14La démarche de Lacan, en tout cas dès 1958 et le livre VI de son séminaire, consiste, dans le droit fil de la recherche freudienne, à essayer de rencontrer l’insuffisance du recours à une « extériorité internalisée » – car tel est bien le statut de l’idéal du moi et ensuite du surmoi comme le dit Freud lui-même – pour penser l’opération qui devrait permettre au sujet d’échapper à la répétition du symptôme et d’enfin assumer l’impossible de sa quête fantasmatique d’une identité de soi à soi. En ce sens, dans une certaine mesure, Lacan reproduit à l’égard de Freud le geste que celui-ci avait posé au début des années 20 à l’encontre de sa première approche du psychisme humain et des conditions requises pour réguler la vie pulsionnelle et aider les sujets à éviter la récurrence de ses symptômes névrotiques. Tout comme Freud avait perçu que le seul recours à une instance extérieure au moi, même internalisée, ne suffisait pas et qu’il fallait complexifier l’opération de l’obéissance à la loi de la castration symbolique, de la même manière, Lacan reprend cette même exigence épistémologique à l’encontre du second Freud en posant, dès 1958, l’insuffisance du recours à la figure d’une autorité externe, même internalisée et même complexifiée comme le suggère la théorie du surmoi dans la seconde topique freudienne, pour penser l’opération de l’assomption (obéissance) par le sujet de la loi de la castration symbolique.

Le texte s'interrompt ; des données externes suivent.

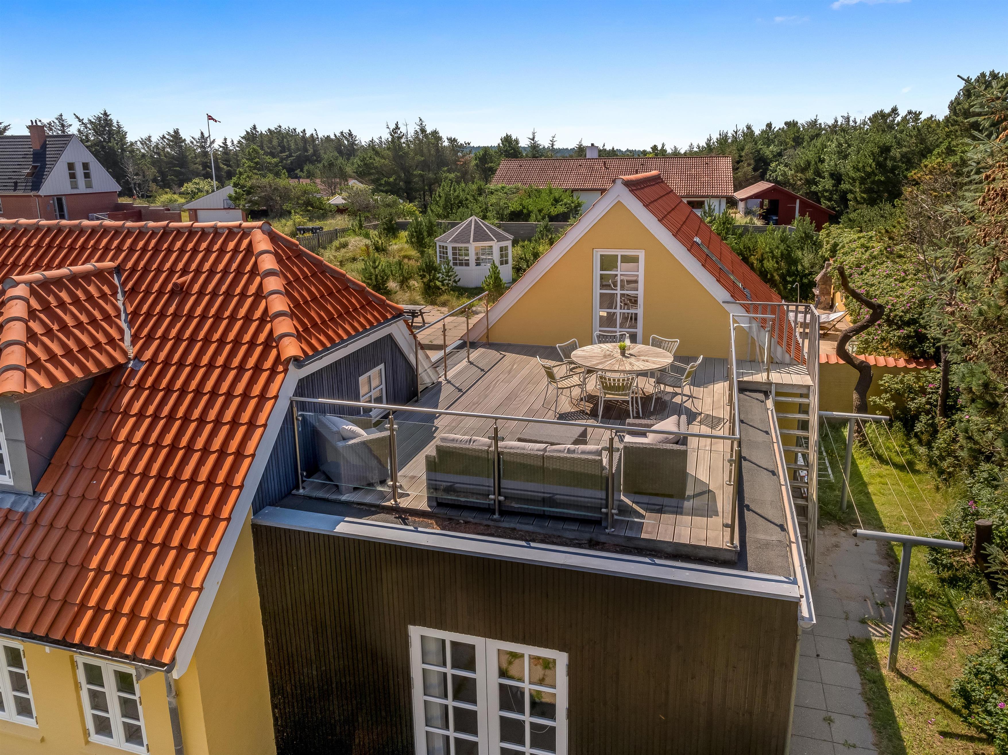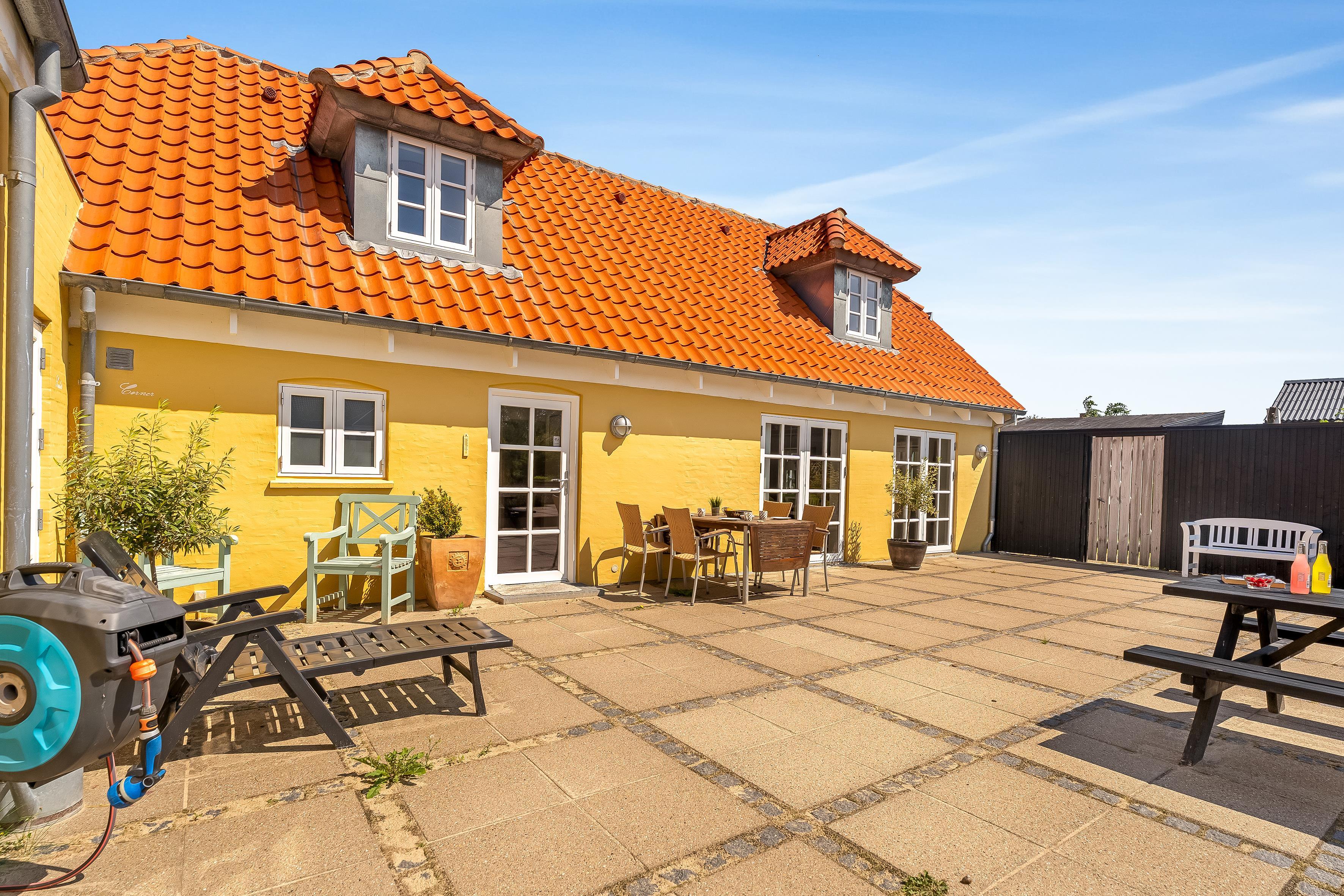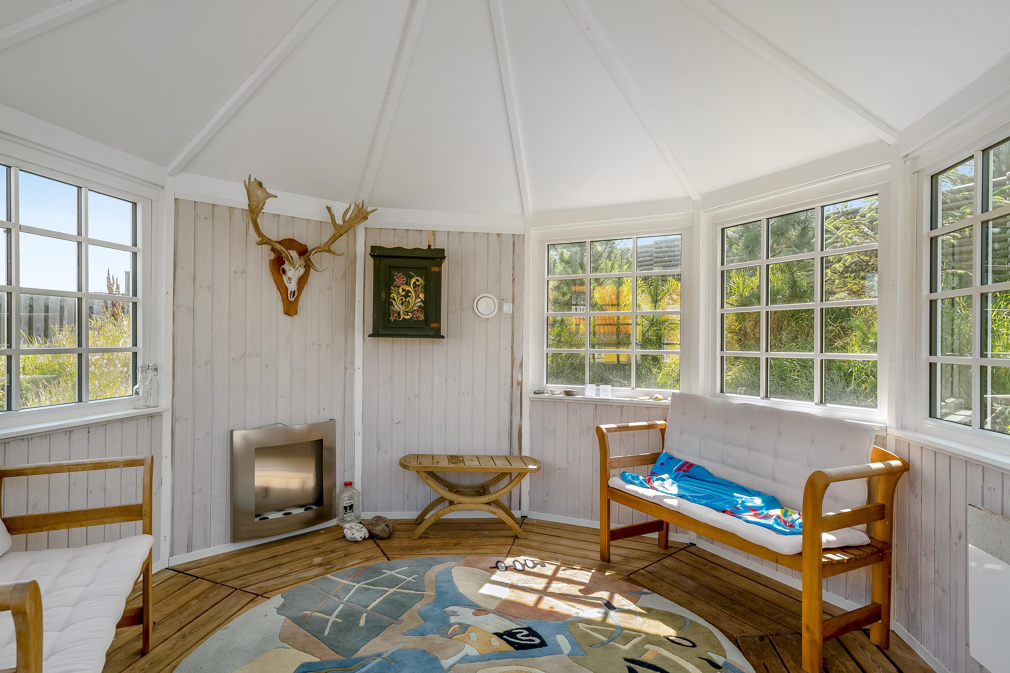 Udenfor finder du en lukket terrasse, der giver dig mulighed for at nyde det fri i privatliv. Der er også en stor terrasse, hvor du kan grille og nyde udendørs måltider. For familier med børn er der gynger og en sandkasse, som vil holde de små underholdt. Der er også et bålsted, hvor du kan samles om ilden og lave skumfiduser under stjernerne.

15Bien plus, on peut même poser que c’est cette exigence épistémologique qui est au cœur de la dynamique interne à la pensée de Lacan, car c’est bien au nom de cette exigence que Lacan développera sa théorie du « Un réel » dans son dernier enseignement et dénoncera l’insuffisance de sa thèse de 1967 sur la traversée du fantasme comme opérateur de régulation des effets pathogènes du symptôme. Peu importe ici, comme on a tenté de le montrer ailleurs17, que la solution du dernier Lacan reste elle-même lestée de l’erreur épistémologique qu’il n’a eu de cesse d’opposer d’abord à Freud et ensuite à ses approches de l’opération de régulation du symptôme dans ses premier et second enseignements. Ce n’est pas ce qui nous intéresse ici. Mais il importe de voir que toute la recherche en psychanalyse, dans sa tentative de réfléchir les conditions requises pour éviter une répétition du symptôme et amener l’analysant à acter l’impossible quête d’une identité de soi à soi dont se nourrit sa jouissance pulsionnelle, n’a eu de cesse d’éviter ce que Freud avait pensé, dans son premier enseignement, être la solution par simple recours à instance externe au moi du sujet, le recours à une figure autoritaire mythiquement investie d’une toute-puissance idéalisée. Et c’est précisément ce que Legendre ne semble pas prendre en compte, croyant pouvoir chercher en Freud une approche épistémologique de l’opération d’obéissance à la loi que le Freud des années 20 a lui-même perçue comme une approche trop réductrice et, en définitive, insuffisante pour assurer le résultat escompté : l’assomption par le sujet de son irréductible division, de son impossible identité de soi à soi, c’est-à-dire « l’obéissance » à la loi de la castration symbolique.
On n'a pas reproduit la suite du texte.